John Kerry also emphasized in the interview that the Obama White House relationship with Netanyahu is fully functioning, and while Netanyahu is welcome to speak, the White House feels the timing is wrong and inappropriate.

“The prime minister of Israel is welcome to speak in the United States, obviously. I talk to the prime minister regularly, including yesterday… (But) we don’t want to see this turned into some great political football.”

The brouhaha between the Obama White House and the Boehner-led Republicans regarding Netanyahu’s visit began when the Obama administration learned that the Republicans were inviting Netanyahu regardless of their feelings on the matter. The elephant in the room is U.S. negotiations with Iran regarding nuclear weapons, Netanyahu and Obama holding differing views, and the upcoming March 17 Israeli elections, which may keep Netanyahu and his views in office.

Despite the Obama White House being openly angered by his visit, and opposing his views on Iran, Netanyahu was reportedly “brimming with confidence” as he took off from Israel for the U.S. on Sunday, telling reporters, in Hebrew, that the trip was a “crucial and even historical mission.”

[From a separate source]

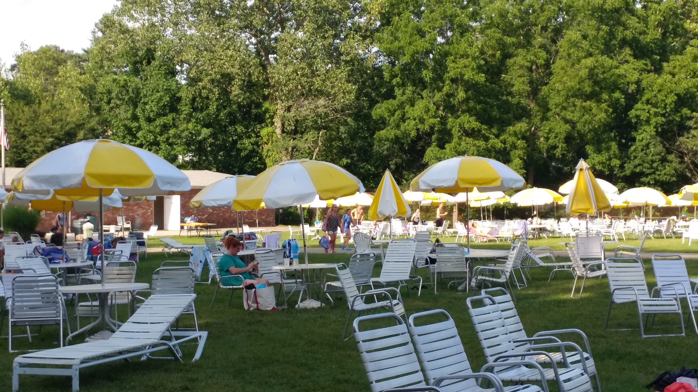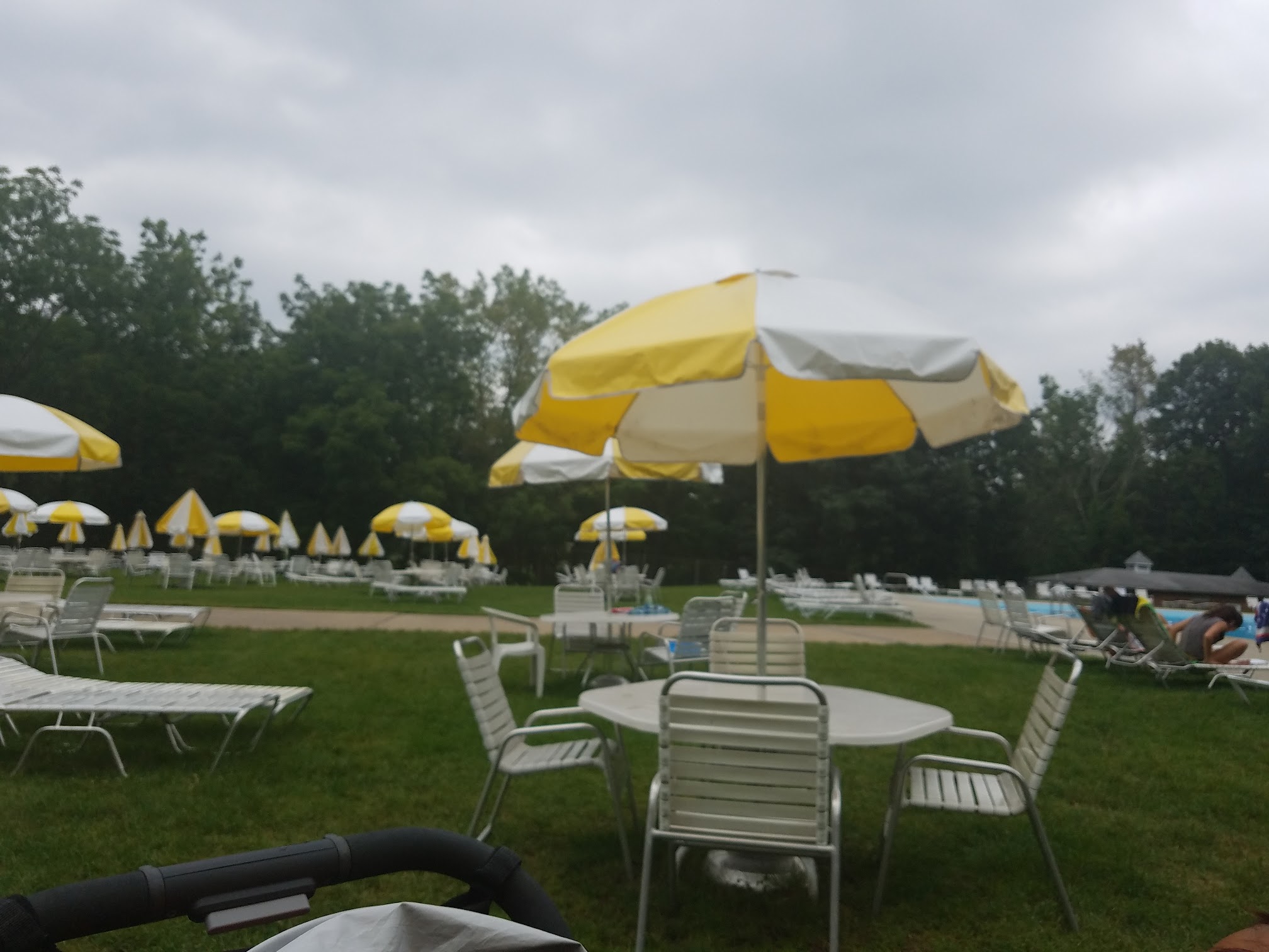 Nice pool, chairs with umbrellas and tables already setup. Snack food. Well kept grounds kiddie pool and big pool. Diffent activities throughout the summer.

“I feel I am representing all the citizens of Israel, even those who do not agree with me. I feel a deep and sincere concern for the safety of all the citizens of Israel and the fate of the state and the fate of our people. I will do everything in my power to secure our future.”

Meanwhile, Dianne Feinstein, a Democratic senator from California, was having none of Netanyahu’s enthusiasm on Sunday, discounting the Israeli Prime Minister’s feelings about Israeli citizens, Iran and its nuclear future on CNN’s State of the Union, reports the Washington Post.

“He doesn’t speak for me on this. I think it’s a rather arrogant statement. I think the Jewish community is like any other community. There are different points of view. I think that arrogance does not befit Israel, candidly.”

And as Netanyahu arrives in the U.S., John Kerry is heading to Switzerland in an attempt to button up an Obama White House-based nuclear deal with Iran.